# What the exercise asks
Reproduce the listing in full. Omit the pictures.

# Data below
[Start of Attachment]

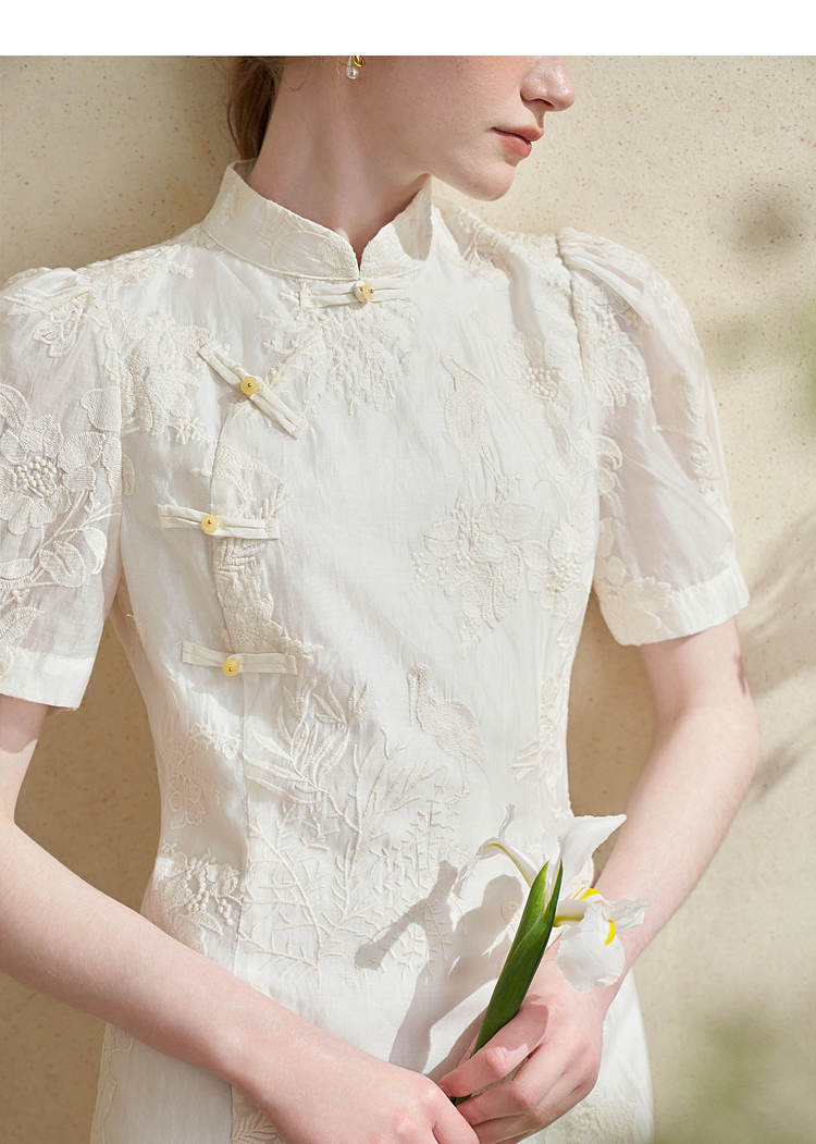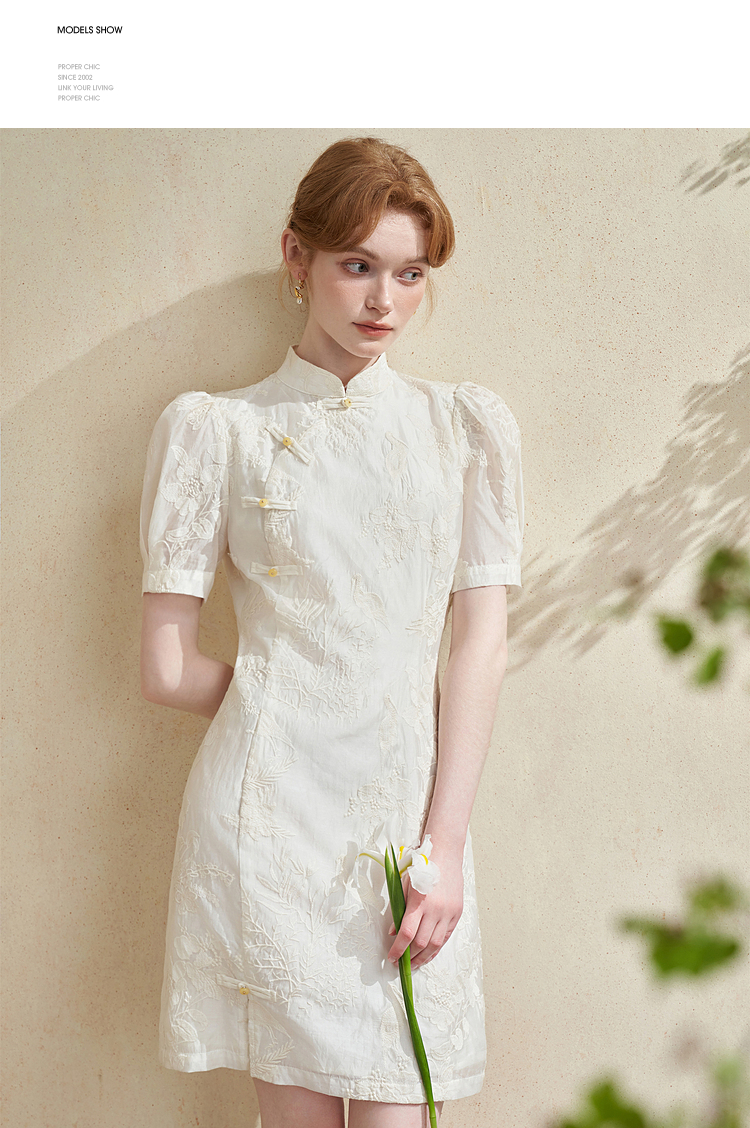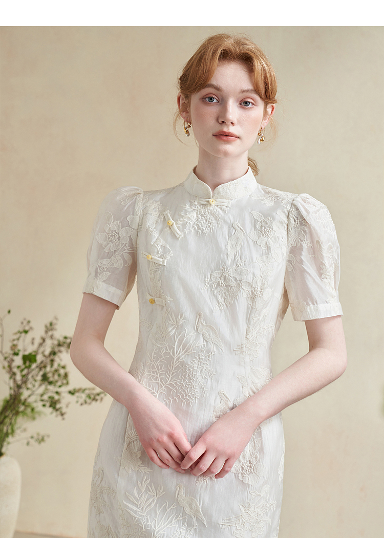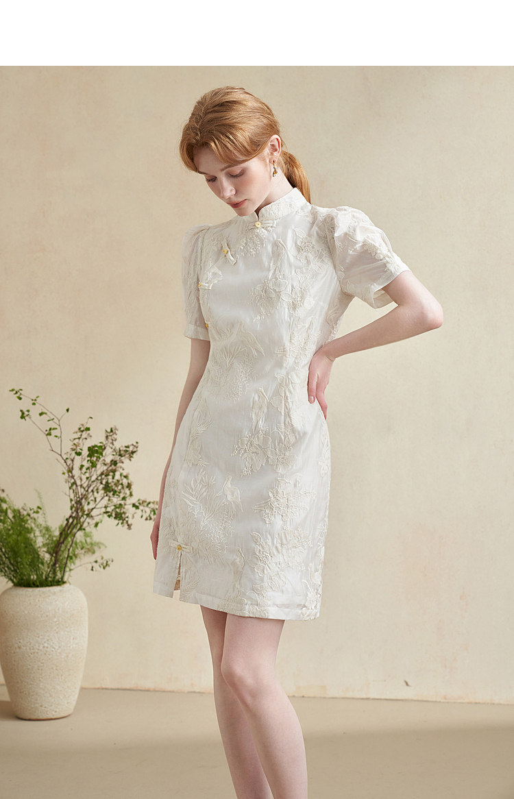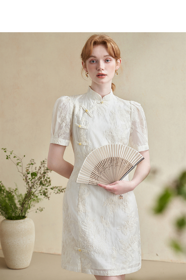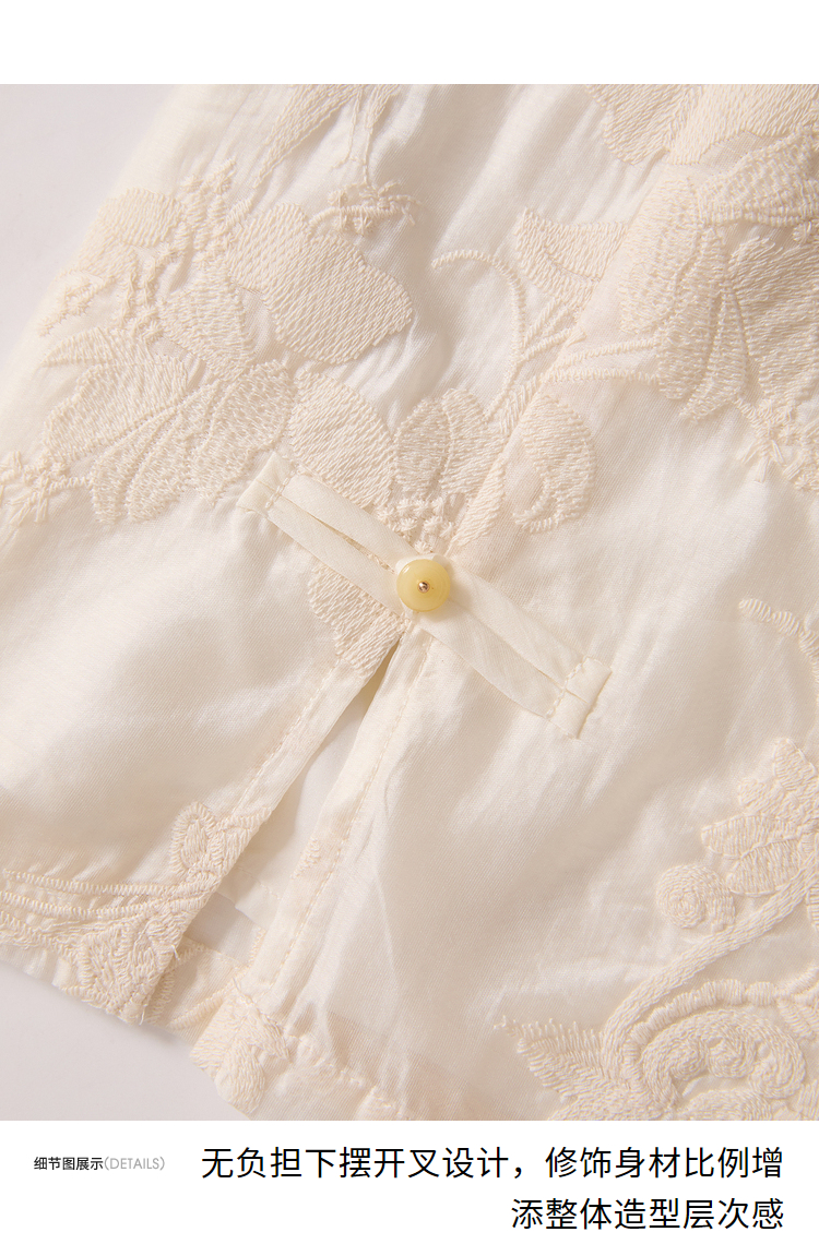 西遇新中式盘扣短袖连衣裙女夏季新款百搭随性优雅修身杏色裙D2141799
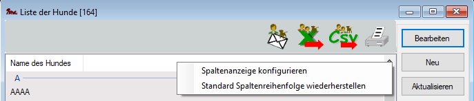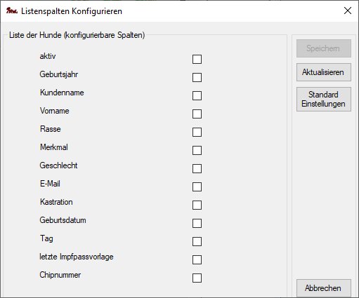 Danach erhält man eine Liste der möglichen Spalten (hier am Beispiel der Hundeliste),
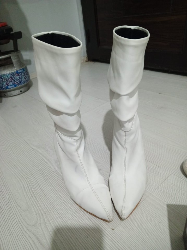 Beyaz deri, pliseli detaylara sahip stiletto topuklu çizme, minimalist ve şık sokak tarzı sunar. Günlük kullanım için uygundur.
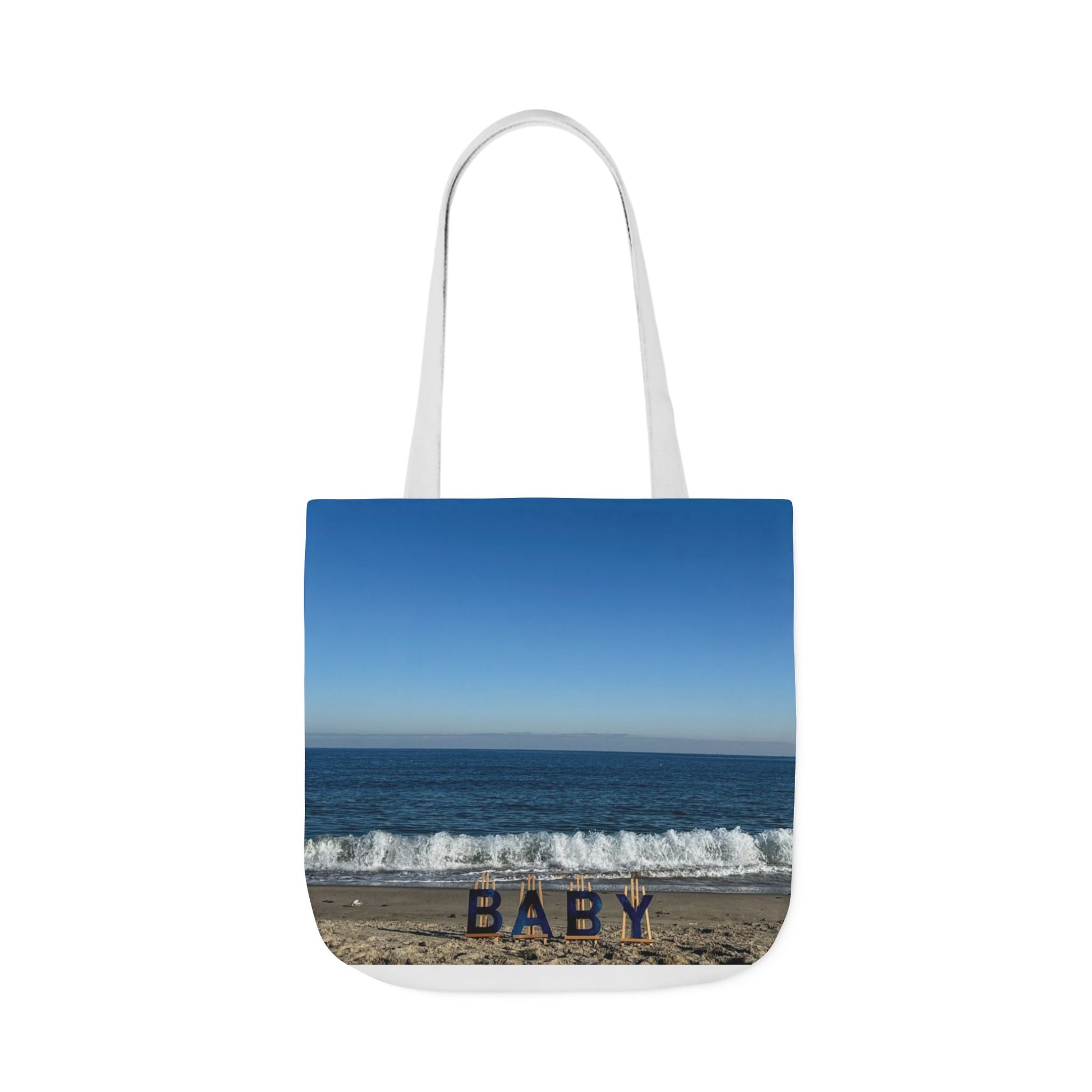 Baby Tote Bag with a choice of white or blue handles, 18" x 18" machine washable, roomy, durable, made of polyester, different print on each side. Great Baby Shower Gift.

[End of Attachment]

# Exercise result
 西遇新中式盘扣短袖连衣裙女夏季新款百搭随性优雅修身杏色裙D2141799
 Danach erhält man eine Liste der möglichen Spalten (hier am Beispiel der Hundeliste),
 Beyaz deri, pliseli detaylara sahip stiletto topuklu çizme, minimalist ve şık sokak tarzı sunar. Günlük kullanım için uygundur.
 Baby Tote Bag with a choice of white or blue handles, 18" x 18" machine washable, roomy, durable, made of polyester, different print on each side. Great Baby Shower Gift.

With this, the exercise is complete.